I think I
was always lactose intolerant, culturally. When I was a kid, full-fat milk
(though it was just called milk then) was delivered daily to the front door. Often
the little metallic lids of the bottles would have been pecked open by hungry
birds. As a child I always thought of milk as “birds’ milk”, as if by piercing
the lids the birds now owned the content, but more crucially that they had
somehow contaminated the milk with their worm-breath, with their dirty beaks,
and with their fanatically deranged pecking. I think that bird-pecked-milk was
mainly a winter phenomenon, but I could be wrong. In the summer, especially at
weekends, the milk had other reasons for encouraging my disgust: it would have
been warming-up in the sunshine for a while before breakfast. If this didn't instantaneously make the milk “go off” I was sure it sent it well on its way.
My mother’s
culinary likes and dislikes might have been formed before the Second World War
but they were irreversibly stamped by that war. Rationing might have been over
by the 1960s and 70s but to my mother wasting food was both sinful and probably
an act of treason. Whether it was because of rationing or not she has always
been drawn to butter, cream and other fatty, milky products. She would keep a
small bowl of brown congealed fat in the fridge. This was the run-off fat from
the Sunday roast and would be used for her bread-and-dripping sandwiches. For
me it meant that a visit to the fridge was always a fairly queasy experience.
She was also a great fan of the “top-of-the-milk” – that thick plug of creamy
milk that floated to the top of the milk bottle to produce a stopper made of
curd. My mum would want this plug for her cornflakes and it would flop out onto
the little flakes followed by a flow of less obviously cheesy milk (now,
because she buys thinned, semi-skimmed milk, the plug has disappeared, so she
adds actual cream).
During
the summer we would always go to Padstow in Cornwall.

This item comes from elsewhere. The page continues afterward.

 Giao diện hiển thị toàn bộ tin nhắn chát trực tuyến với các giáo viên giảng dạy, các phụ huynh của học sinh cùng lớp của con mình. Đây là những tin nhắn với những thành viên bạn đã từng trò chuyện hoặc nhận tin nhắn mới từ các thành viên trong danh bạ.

We always stayed in the
same chalet with a view of the dredger endlessly fighting the tidal drifts of
mud in the harbour. There were always a few days when we couldn't go to the
beach because it was raining, then the choice was either going to town and
watch The Sound of Music for the
zillionth time, or amuse ourselves in the chalet. My sister and I would play
“Crossroads” – it was a game based on pretending we were running the famous,
but wholly TV-based, Crossroads motel located on some ring-road near
Birmingham. The chalet kitchen had a breakfast bar (endlessly exotic, endlessly
glamorous to us) and we used this as the “pass” for our restaurant. I have a
feeling that this was a game wholly ruled by my sister. We only served two
dishes as far as I can remember: “Banana Bombarder” and “Orange On”. I have no
idea of what the bombarder bit of “Banana Bombarder” was (or if that is indeed
how you spell this made-up word), but I think “Orange On” consisted of orange squash
and milk, and that the coagulated results were both fascinating and extremely repulsive.
Since my
childhood milk has got thinner and thinner. The birds don’t peck the morning
milk anymore because milk delivery is much less common and when it is delivered
it comes in plastic or cardboard containers. We get our milk delivered as
little pillows of milk (milk in a bag). I don’t touch it of course: to me it is
already contaminated. It is and will always remain birds’ milk.